*** Opening Records shown ***

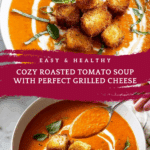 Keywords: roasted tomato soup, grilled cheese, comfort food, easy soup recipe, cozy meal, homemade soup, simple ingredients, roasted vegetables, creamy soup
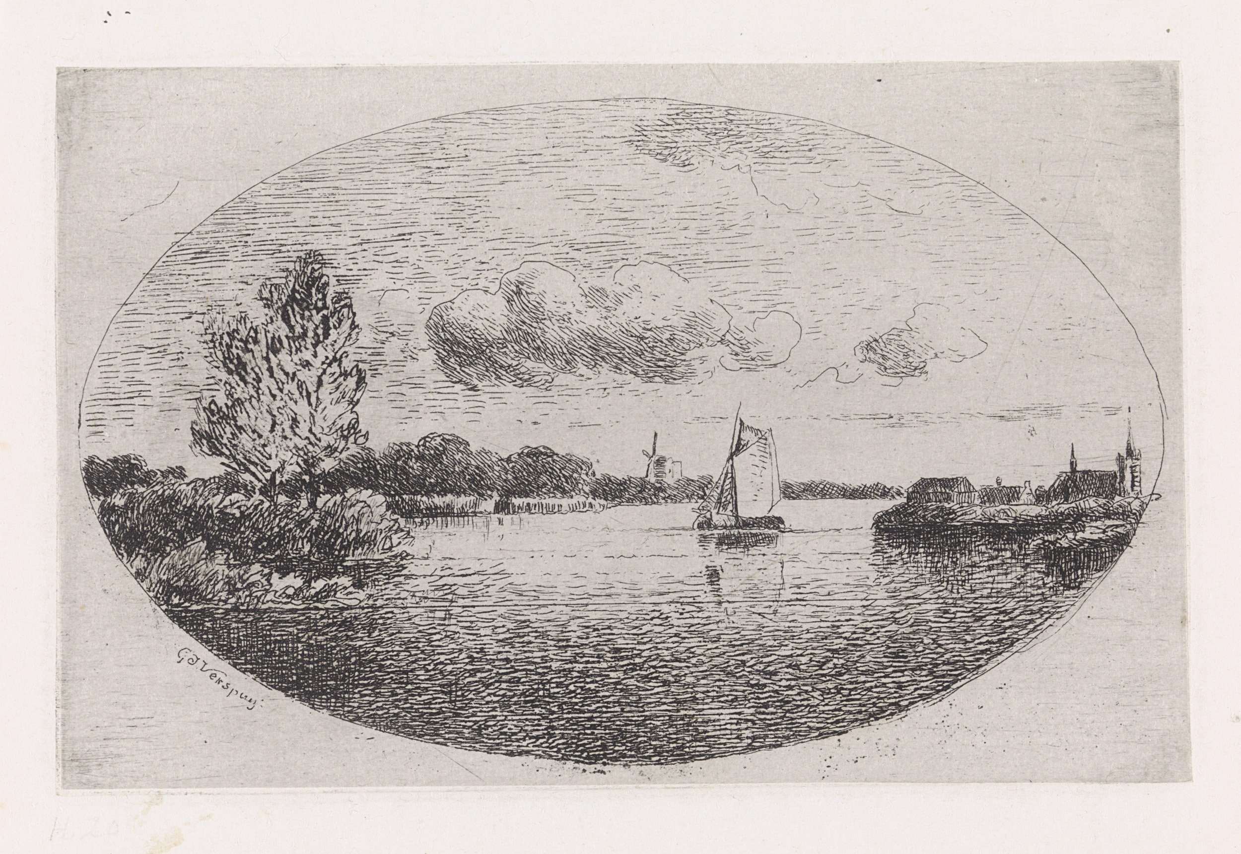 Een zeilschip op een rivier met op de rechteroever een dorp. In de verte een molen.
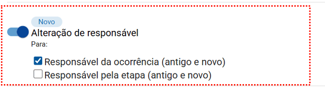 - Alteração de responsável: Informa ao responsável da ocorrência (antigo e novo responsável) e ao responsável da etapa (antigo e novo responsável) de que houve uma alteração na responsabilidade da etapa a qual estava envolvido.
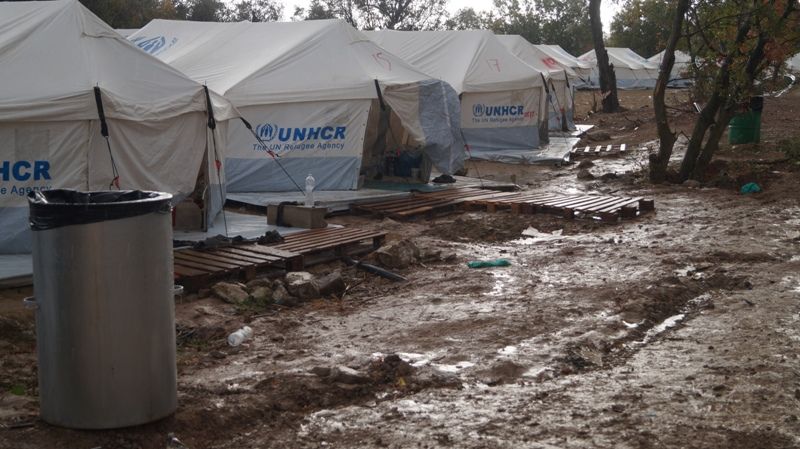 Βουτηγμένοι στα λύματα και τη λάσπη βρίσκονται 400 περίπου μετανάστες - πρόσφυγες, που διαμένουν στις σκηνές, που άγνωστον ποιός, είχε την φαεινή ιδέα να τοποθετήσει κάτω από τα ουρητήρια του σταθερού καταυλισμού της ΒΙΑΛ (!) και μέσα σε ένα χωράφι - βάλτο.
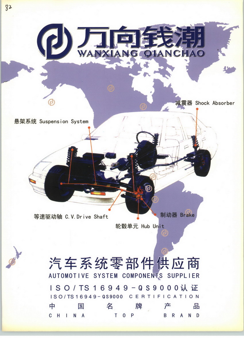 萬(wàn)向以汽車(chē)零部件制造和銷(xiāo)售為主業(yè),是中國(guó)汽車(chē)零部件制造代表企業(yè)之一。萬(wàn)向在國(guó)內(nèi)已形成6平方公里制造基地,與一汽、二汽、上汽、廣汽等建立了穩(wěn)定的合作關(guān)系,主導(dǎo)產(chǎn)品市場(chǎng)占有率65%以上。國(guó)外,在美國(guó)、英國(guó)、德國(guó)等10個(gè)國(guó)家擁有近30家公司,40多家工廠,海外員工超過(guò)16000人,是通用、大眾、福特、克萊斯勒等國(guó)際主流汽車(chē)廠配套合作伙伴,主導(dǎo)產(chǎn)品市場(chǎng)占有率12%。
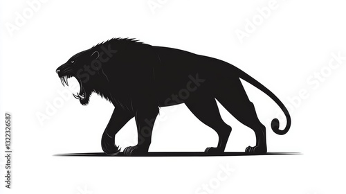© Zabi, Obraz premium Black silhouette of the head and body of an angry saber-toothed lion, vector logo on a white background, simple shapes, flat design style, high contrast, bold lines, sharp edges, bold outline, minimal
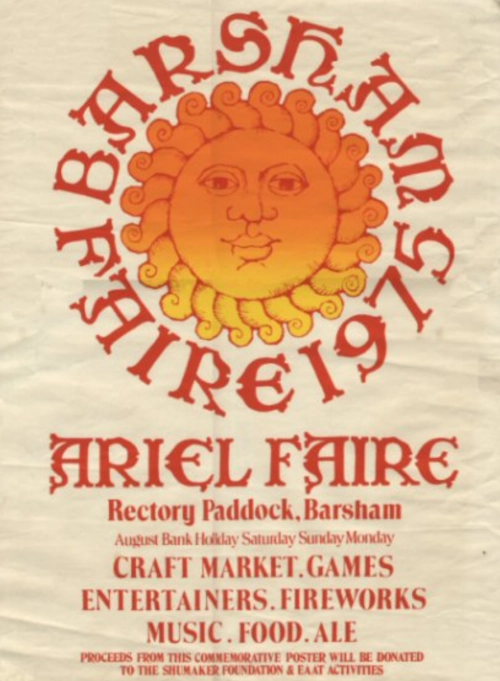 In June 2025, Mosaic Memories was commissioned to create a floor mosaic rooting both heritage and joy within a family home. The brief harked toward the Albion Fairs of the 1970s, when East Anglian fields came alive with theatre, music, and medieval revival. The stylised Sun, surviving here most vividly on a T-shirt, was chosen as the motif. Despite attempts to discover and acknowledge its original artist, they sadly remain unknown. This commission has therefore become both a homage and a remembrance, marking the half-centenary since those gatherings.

*** Closing Records shown ***
*** Opening Records shown ***

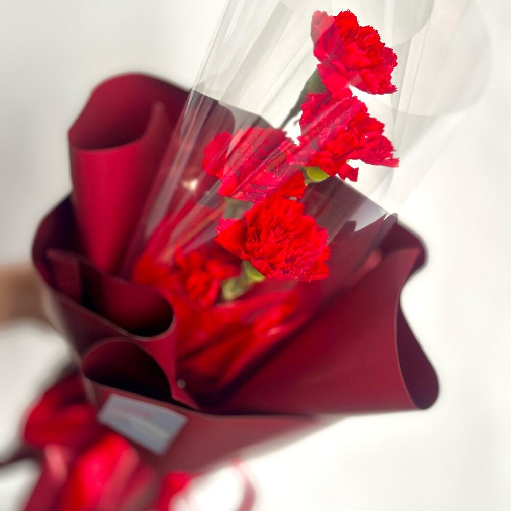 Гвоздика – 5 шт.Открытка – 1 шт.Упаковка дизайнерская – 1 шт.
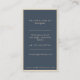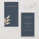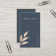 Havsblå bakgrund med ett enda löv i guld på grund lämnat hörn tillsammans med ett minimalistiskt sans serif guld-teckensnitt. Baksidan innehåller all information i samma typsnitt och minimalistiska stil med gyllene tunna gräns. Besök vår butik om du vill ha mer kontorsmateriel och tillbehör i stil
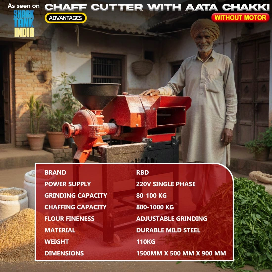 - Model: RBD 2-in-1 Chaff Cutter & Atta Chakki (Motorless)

*** Closing Records shown ***

Since the pictures are not part of the copy, please transcribe only the lines above from the one with "Keywords: roasted tomato" through the one with "- Alteração de", exactly and with both ends.

 Keywords: roasted tomato soup, grilled cheese, comfort food, easy soup recipe, cozy meal, homemade soup, simple ingredients, roasted vegetables, creamy soup
 Een zeilschip op een rivier met op de rechteroever een dorp. In de verte een molen.
 - Alteração de responsável: Informa ao responsável da ocorrência (antigo e novo responsável) e ao responsável da etapa (antigo e novo responsável) de que houve uma alteração na responsabilidade da etapa a qual estava envolvido.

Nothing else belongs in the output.